Se réconcilier avec soi-même
A force de rencontrer des drag queens, une évidence apparaît. La drag queen est à la fois un personnage sans en être un. Ce serait plutôt une extension de soi. Il permet en tout cas à Julien, alias Freezia, d'exprimer et d'assumer une partie de lui. Ce haut-saônois, vendeur à Besançon, s’est lancé il y a quelques semaines. « J'adore faire ressortir ma féminité depuis que je suis gamin ». Il a commencé à le faire lors des carnavals et a essuyé quelques moqueries au collège. Mais il ne souhaite pas s’étendre sur le sujet. « Cela m’a permis d’être plus fort. Je me sens beaucoup plus libéré que quand je suis en drag et j’ai plus confiance en moi », témoigne-t-il.

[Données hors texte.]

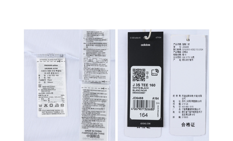 • adidas阿迪达斯2025男大童J 3S TEE 160针织无领短TJD6488

Pour Charline, alias Joli Roger, le drag a aussi un effet thérapeutique. Cette bijoutière bisontine de 28 ans est une drag king, le pendant des drag queens. Sur scène, elle adopte donc des codes masculins. Un plaisir libérateur. « Cela me permet de me réapproprier tous les reproches qu'on n'a pu me faire : t’es trop ci, t’es trop ça, t'es trop masculine », explique-t-elle. « Joli Roger, c'est un pan hyper exacerbé de ma personne et notamment des parties de moi que je n'aime pas », décrypte-t-elle. « Si vous ne vous aimez pas vous-mêmes, comment pouvez-vous aimer les autres », lance Ru Paul à la fin de chacune de ses émissions. Le drag est aussi une façon pour ces jeunes de se réconcilier soi-même.
Un public qui s'élargit
Ce soir, Joli Roger se produira pour la première fois sur scène. Le stress est palpable. Ses parents ont fait le déplacement. Son père nous confie avoir un peu hésité. Ils ont vu leur fille regarder le concours télévisé pendant des années. « C’est un autre milieu », lâche-t-il avec le sourire. « Mais je suis venu pour ma fille, pour la soutenir ».

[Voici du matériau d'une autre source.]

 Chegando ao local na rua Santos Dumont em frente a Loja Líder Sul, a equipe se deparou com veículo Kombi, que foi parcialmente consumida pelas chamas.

Et ils n’étaient pas seuls. En tout, une centaine de personnes – des jeunes de toutes les sexualités, à s’engouffrer dans le sous-sol de la Scops, ce local autogéré où l’espace friperie s’est transformé en fosse. Les performances s’enchainent. A travers des shows tantôt pop, tantôt théâtrales, humoristiques, aussi, parfois, les drag queens extériorisent, affirment leur identité. En face, le public joue le jeu, les acclame, les encourage. L’amour se transmet dans les deux sens. C’est aussi ça le drag : faire du bien sur scène, et au-delà.